* PROVIDED RECORDS *
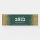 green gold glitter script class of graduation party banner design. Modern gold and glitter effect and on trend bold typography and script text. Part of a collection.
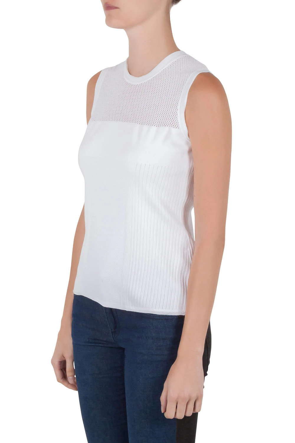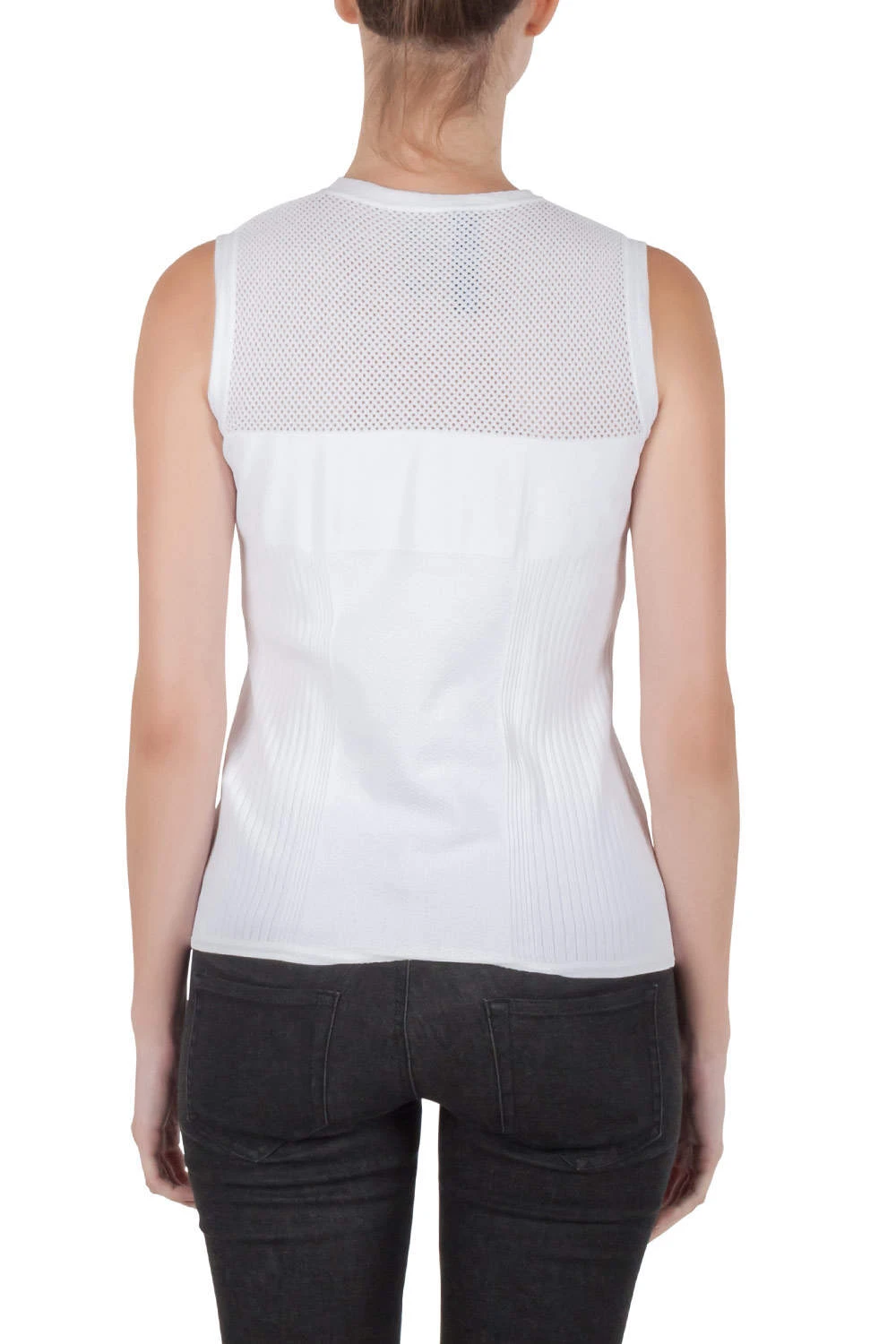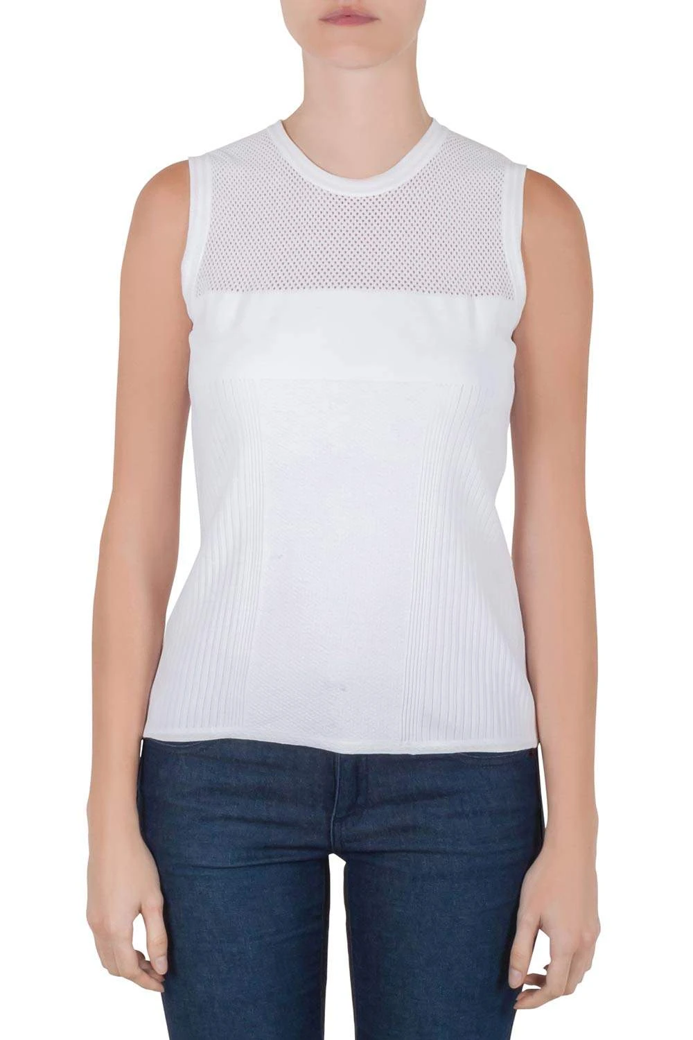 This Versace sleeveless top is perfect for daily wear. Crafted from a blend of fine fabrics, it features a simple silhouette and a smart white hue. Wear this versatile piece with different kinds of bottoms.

* * *

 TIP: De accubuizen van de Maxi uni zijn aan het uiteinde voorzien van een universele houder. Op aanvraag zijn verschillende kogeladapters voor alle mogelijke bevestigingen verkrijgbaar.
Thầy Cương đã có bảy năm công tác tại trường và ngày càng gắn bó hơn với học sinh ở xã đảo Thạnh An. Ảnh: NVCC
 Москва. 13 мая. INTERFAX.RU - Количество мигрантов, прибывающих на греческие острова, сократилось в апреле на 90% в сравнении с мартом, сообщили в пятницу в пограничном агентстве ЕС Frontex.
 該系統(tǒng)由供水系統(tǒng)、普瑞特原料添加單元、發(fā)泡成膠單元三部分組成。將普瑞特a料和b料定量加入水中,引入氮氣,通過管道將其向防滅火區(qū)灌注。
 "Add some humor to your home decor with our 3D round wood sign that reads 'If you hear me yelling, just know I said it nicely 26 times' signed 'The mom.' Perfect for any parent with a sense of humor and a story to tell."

* EXERCISE PROMPT *
What you give back should be only the lines of the records above, starting at the line with "該系統(tǒng)由供水系統" and ending at the line with "some humor to", restated word for word.

* COMPLETED EXERCISE *
 該系統(tǒng)由供水系統(tǒng)、普瑞特原料添加單元、發(fā)泡成膠單元三部分組成。將普瑞特a料和b料定量加入水中,引入氮氣,通過管道將其向防滅火區(qū)灌注。
 "Add some humor to your home decor with our 3D round wood sign that reads 'If you hear me yelling, just know I said it nicely 26 times' signed 'The mom.' Perfect for any parent with a sense of humor and a story to tell."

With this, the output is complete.